Even when these alarming events had passed, the COP conference didn’t gain bigger attention. The reason was simple – a political soap opera under the title of “Governmental Reconstruction”. To cut a long story short, the media for months speculated that there would be a change of ministers in Donald Tusk’s cabinet, which ones will be dismissed and who will be their successors (ed. On Nov 20th, before the conference had closed, Tusk announced a cabinet reshuffle which included the sacking of the Minister for the Environment). Policy changes were almost completely irrelevant to this post political discussion on power and politics.

In such a political climate it’s becoming increasingly harder to show political alternatives and different answers to the challenges of our times. When even the essentials of climate policy – such as the impact mankind has on global warming – are not agreed between the main political and social actors (and I would argue that climate denialism in mainstream discourse in Poland is almost as widespread as in the USA or UK), it is difficult to go further towards the green and just transition and broaden the discussion, ie. between ecologists and trade unionists. The climate of negligence around climate change gives the Polish government the space for idleness.

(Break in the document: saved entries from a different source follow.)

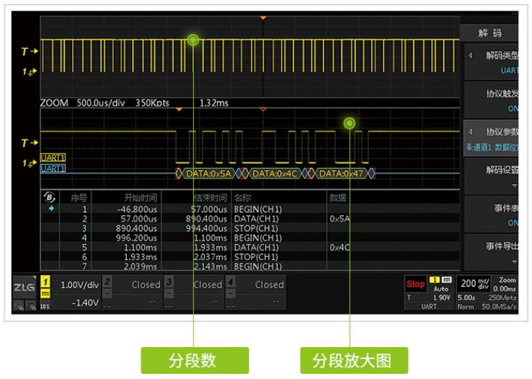 對于偶發(fā)信號的波形統(tǒng)計分析,過去需要工程師蹲守在示波器前進行手動測試。分段存儲功能可對觸發(fā)的特定波形進行存儲、回放,波形幀數(shù)最高可達52萬幀,徹底解放工程師的工作。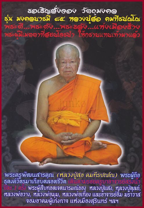 | หัวข้อกระทู้ : ฝากข่าว หลวงปู่สอ วัดบ้านขาม ต.บุแกรง อ.จอมพระ จ.สุรินทร์ รุ่น มงคลบารมี ๘๕ |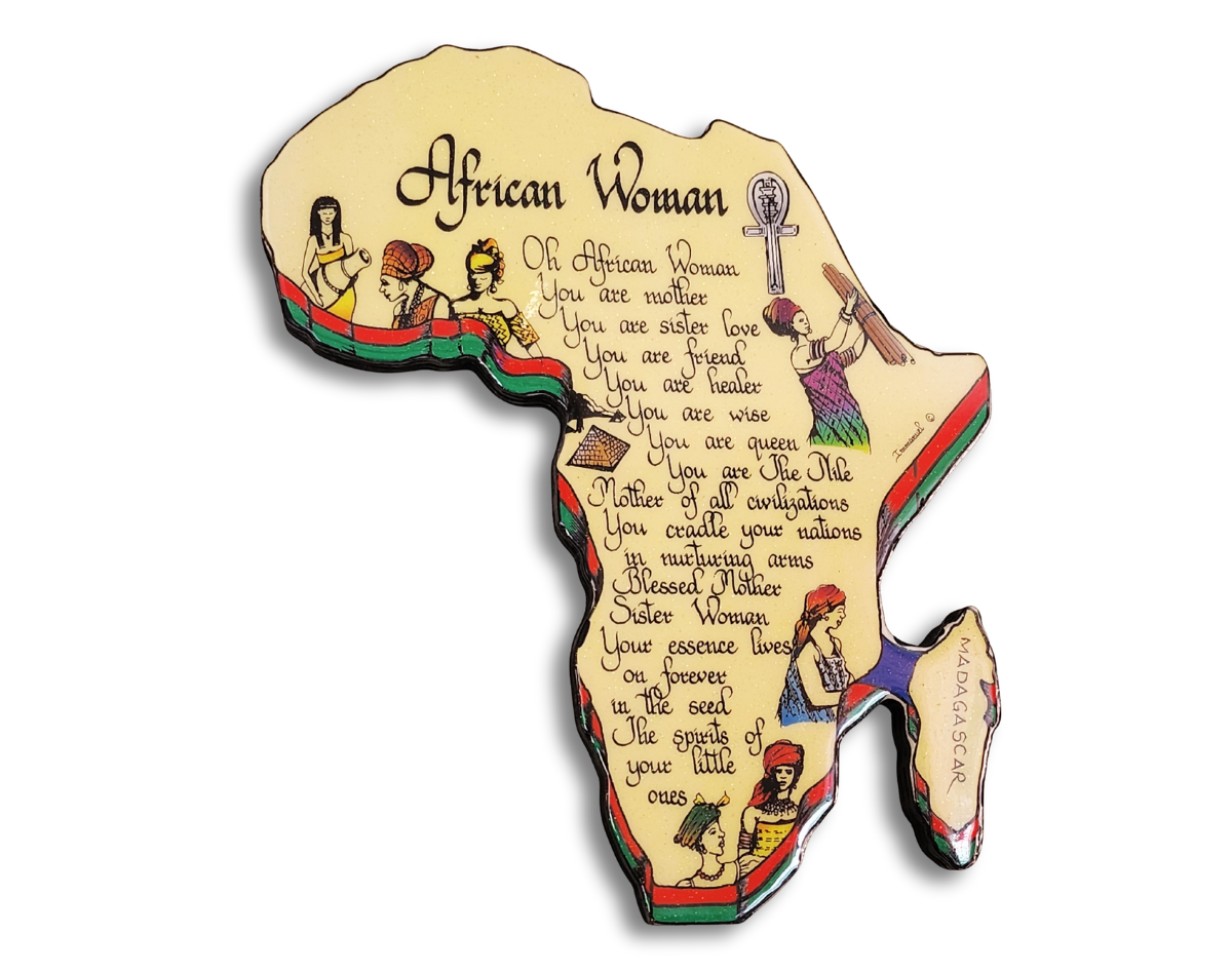 Shaped in the form of the African continent, this plaque features inspiring affirmations and illustrated representations of womanhood, motherhood, healing, and leadership. Each element reflects cultural pride, ancestral legacy, and spiritual identity.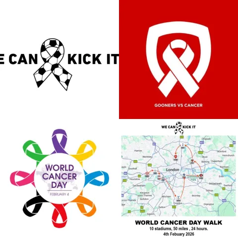 A group of fundraisers from "We Can Kick It UK" and "Gooners v. Cancer" will be walking 50 miles between 10 different London Stadiums of Professional Football/Soccer Clubs to raise awareness and funds for Cancer Charities!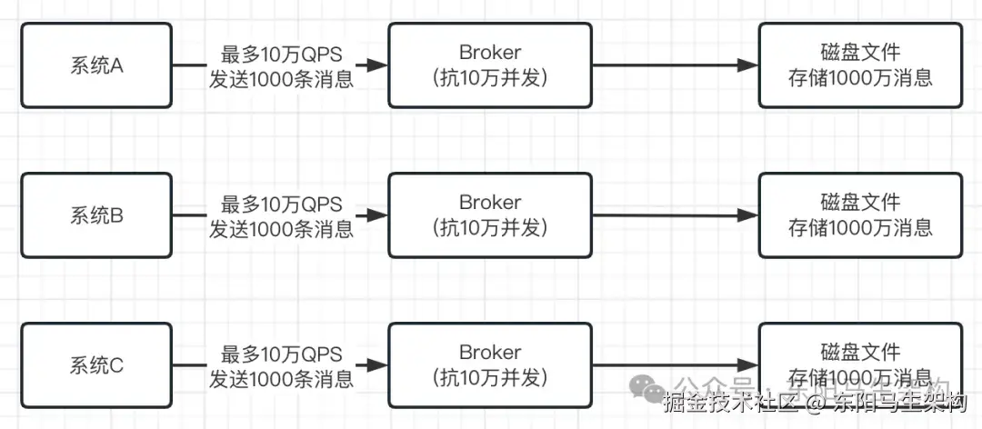 为什么呢?因为数据库复杂,它要能够支持执行复杂的SQL语句,支持事务等复杂的机制,支持对数据进行增删改查等。所以一般数据库单服务器也就支撑每秒几千的请求。但MQ就不一样了,它的核心功能就是让系统A发消息给它,再让系统B从它这里获取消息。这个就简单得多了,所以同等机器配置下,MQ一般都能抗几万并发请求。

Resource conflicts? Drinking water shortages? Extreme weather? Possible expansion of tropical diseases? Rising water levels? What the hell! As a Polish modernist author, Stanisław Wyspiański, wrote in his play “The Wedding” in 1901 “Let there be a war the world over, if only the Polish countryside was peaceful, if only the Polish countryside was quiet”. I do hope that the Polish government will realise before it’s too late that in fact no countryside will be left behind untouched by climate change.